Bob Mehew said:
On the back of it we wrote an article for Speleology in April 2008 whcih I will convert to a suitable form and put up on the BCA web site.
see
http://british-caving.org.uk/equipment/Cows%20Tails%20article%20v2.pdf.
Five observations on what has been written so far.
When I used the term "relaxed" I never thought people would think I was implying that knots should be so loose as to be at risk of becoming undone in a fall situation.
It has been an interesting learning point. When you dress a tied knot, you may subject it to a force of up to 0.5kN / 50kg. When you lower yourself onto a knot you then subject it to a force of around 1kN / 100kg. And in doing so, you will almost certainly tighten the knot up a little more. Lyon's report
http://www.hse.gov.uk/research/crr_pdf/2001/crr01364.pdf suggested poor rope work might place a load of 2kN / 200kg on the rope and thus the knot. The translated French Cows Tails article suggests that the maximum force a knot is likely to see under most deliberate caving action is around 3kN / 300kg. Our research work suggests a fall of even 0.5m is likely to impose a peak force of 6kN / 600 kg on the first drop rising to over 10kN / 1000kg (that is over 1 ton) for subsequent drops. We also find that the rope is most likely to break within the knot at the first bend. So by tightening a knot beyond its dressed state you are likely to increase the peak force seen in a fall situation and thus increase the likelihood of the rope breaking. By relaxing the knot I mean taking it back from 2 or more kN to 0.5kN; not leaving it at risk of undoing.

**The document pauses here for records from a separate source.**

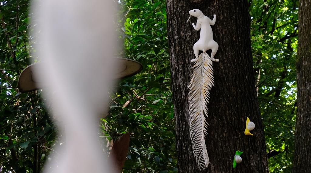 … aber auf der anderen Seite steht doch glatt ein Kartenhaus! Eine Kunstinstallation, die wohl schon eine Weile steht, die Farben auf den Karten sind recht verblichen.
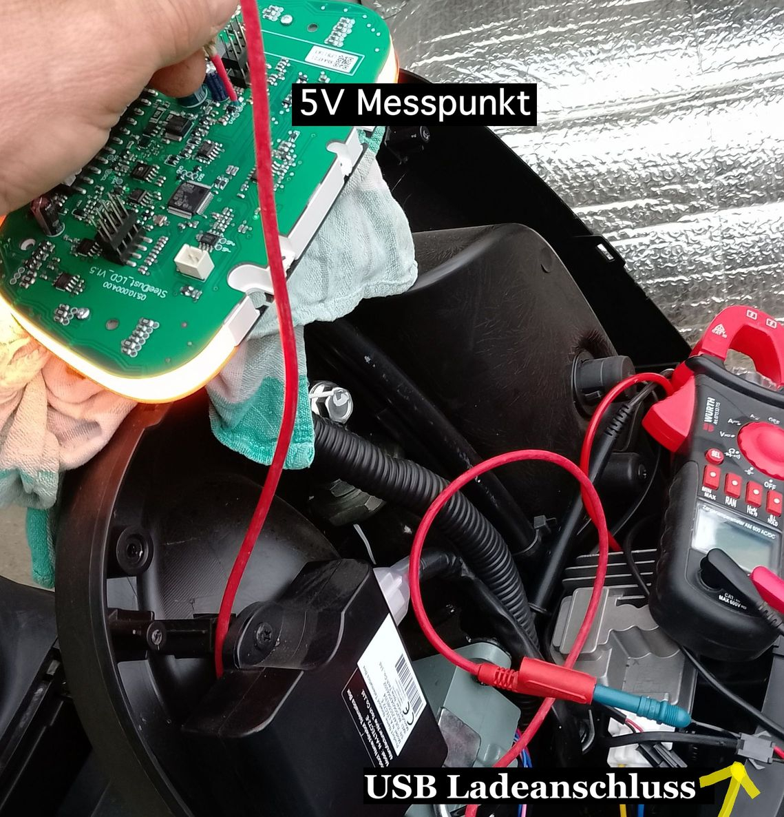 Wenn man nun 5V von der USB Ladebuchse abgreift und bei dem 5V Messpunkt einspeist funktioniert das Display wieder.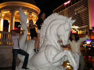 I realized that I was not afraid of Vegas anymore. I felt SO protected, that I saw Jesus all over that town (even on the strip). I was so worried of the dark, that I forgot about my savior and protector and the power He has over it all. I wore my loudest outfit that night, and ended up having the best night of my trip. I ran into an old friend, who is a notorious adventure-seeker and mischief-maker and just flippin fantastic (I'm pretty sure I practically peed my pants when I saw him, because he lives in Houston now). A group of us ended up just making mischief around town. We tried to get on our hotel roof (unsuccessful. The idea that they could've gotten a mattress on one of those is SO fake), moved and messed with sculptures around various buildings, and took pictures on the Venetian horse statues, which are in the middle of a pond.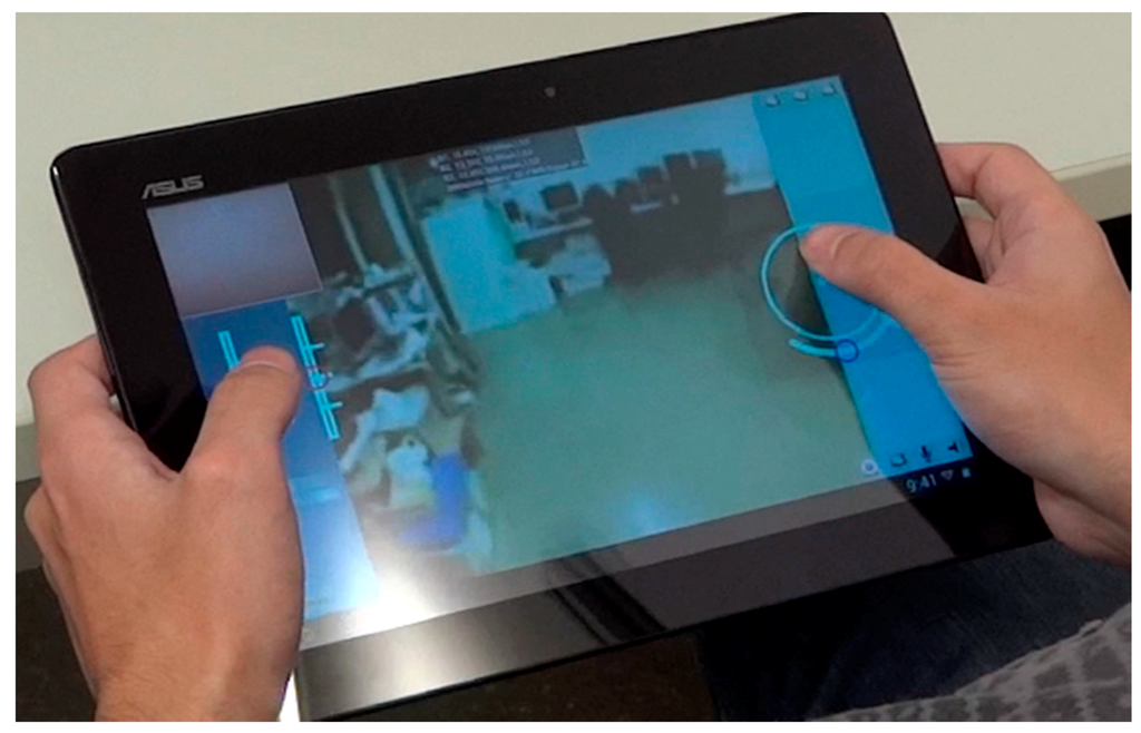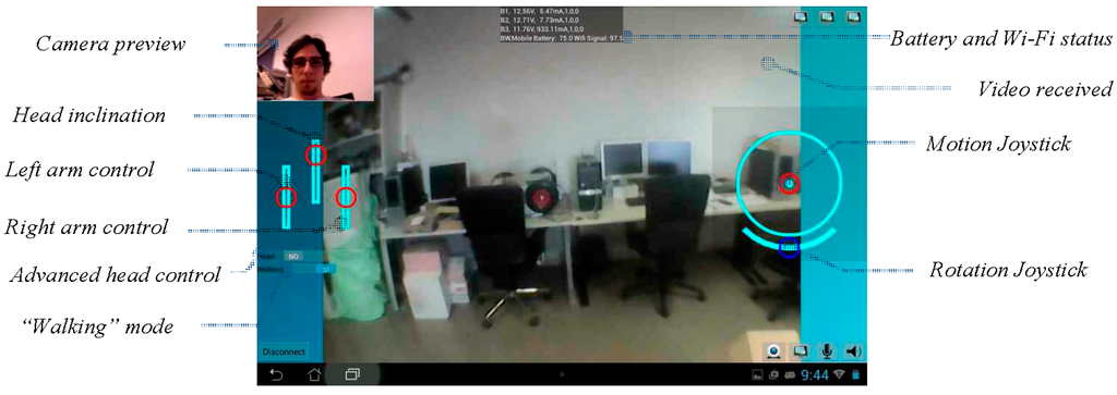The remote control of the APR is performed with an Android application (APP) running in a remote smartphone or tablet. Figure 7 shows an image of the remote control interface. This is based on the touch-screen capabilities of such mobile devices. The telecontrol APP is composed of an on-screen joystick that is used to control the position of the robot, two sliders to control the pan and tilt of the robot head, two sliders to control the robot arms (left and right arm), and an extra slider used to rotate the APR over its vertical axis. The telecontrol APP can be used with one or two fingers by trained and non-trained people. The remote control of the mobile robot is not a challenging task because the high-mobility capabilities of the APR do not usually require intermediate trajectory maneuvers. Future implementations of the telecontrol APP will include such additional features as direct control of the trajectory of the APR with small head displacements [16] in order to allow remote robot control by people with impaired mobility.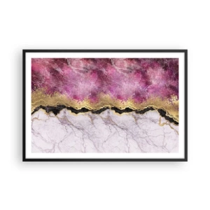 Poster in einem schwarzem Rahmen - Abstrakter Marmor in Rosatönen mit goldenen Akzenten - 100x70cm - An der Grenze - Moderne Wanddekoration für Wohnzimmer und Schlafzimmer ARTTOR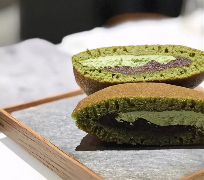 很多人在这里点铜锣烧后,看到实物的第一反应是“这个和哆啦A梦吃的不一样啊”!和常见的圆形铜锣烧相比,这里的方形铜锣烧确实会让人产生疑惑感。但是好在味道不错,馅料是传统的抹茶、红豆和奶油的组合,奶油很细腻,抹茶粉分量十足,让很多觉得铜锣烧偏甜的人也能接受,是一道不错的饭后甜点。当然,也有很多铜锣烧的忠粉看到方形的样子就不能接受,导致评价两极分化严重。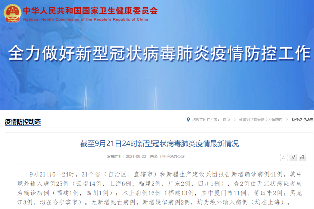 香港新聞網9月22日電 據國家衛健委22日消息,9月21日0—24時,31個省(自治區、直轄市)和新疆生產建設兵團報告新增確診病例41例。其中境外輸入病例25例(雲南14例,上海6例,福建2例,廣東2例,四川1例),含2例由無症狀感染者轉為確診病例(福建1例,四川1例);本土病例16例(福建13例,其中廈門市11例、莆田市2例;黑龍江3例,均在哈爾濱市)。無新增死亡病例。新增疑似病例2例,均為境外輸入病例(均在上...

The concept of Fall Factor is almost useless for rope lengths below a few metres since the set up is not a simple single length of rope but complicated by the presence of knots, rope loops and movable metal work such as crabs, as Penguin perceptively comments. I have yet to push force measurements below 0.5m sample length but when you think about it, a crab and two knots plus their loops will take up much of that length. (Just to make clear, that 0.5m under a 1kN load, so the length prior to placing the load on the rope will be somewhat shorter.)
Drops survived is the reported parameter from dynamic testing of rope. The value of 4 mentioned by Fulk related to a brand new 9mm static rope. The Long Term Rope Test
http://british-caving.org.uk/equipment/LTRT.pdf reported the average drops survived of even lightly used caving rope at between 2 and 3 drops. The standard (BS EN 1891:1998) requires a rope to survive 5 drops.
The chances that one might seriously fall on one's cows tails or whilst abseiling or prusiking are low but the consequences could be high or even fatal, see
http://www.hse.gov.uk/research/hsl_pdf/2003/hsl03-09.pdf. I am talking about a simple precaution to reduce those consequences. Our Speleology article recommended the complete untying of the cows tails. Following some representations after the publication of that article, I backed off from suggesting a complete untying to just relaxing the knots so one can efficiently hand wash them without loosing lengths. I have found that I can get the length of a rope sample with knots when under load to within a few centimetres by simply measuring the point at which I make the second bend in the rope, having made and dressed the first knot.
The calculator at
http://www.myoan.net/climbart/climbforcecal.html gave 11.25kN for a 100kg mass on a 0.8m length static rope 0m from the last anchor (ie FF1.0) in comparison to our measurements of between 6 and 9kN. Can someone look at the coding behind the web site?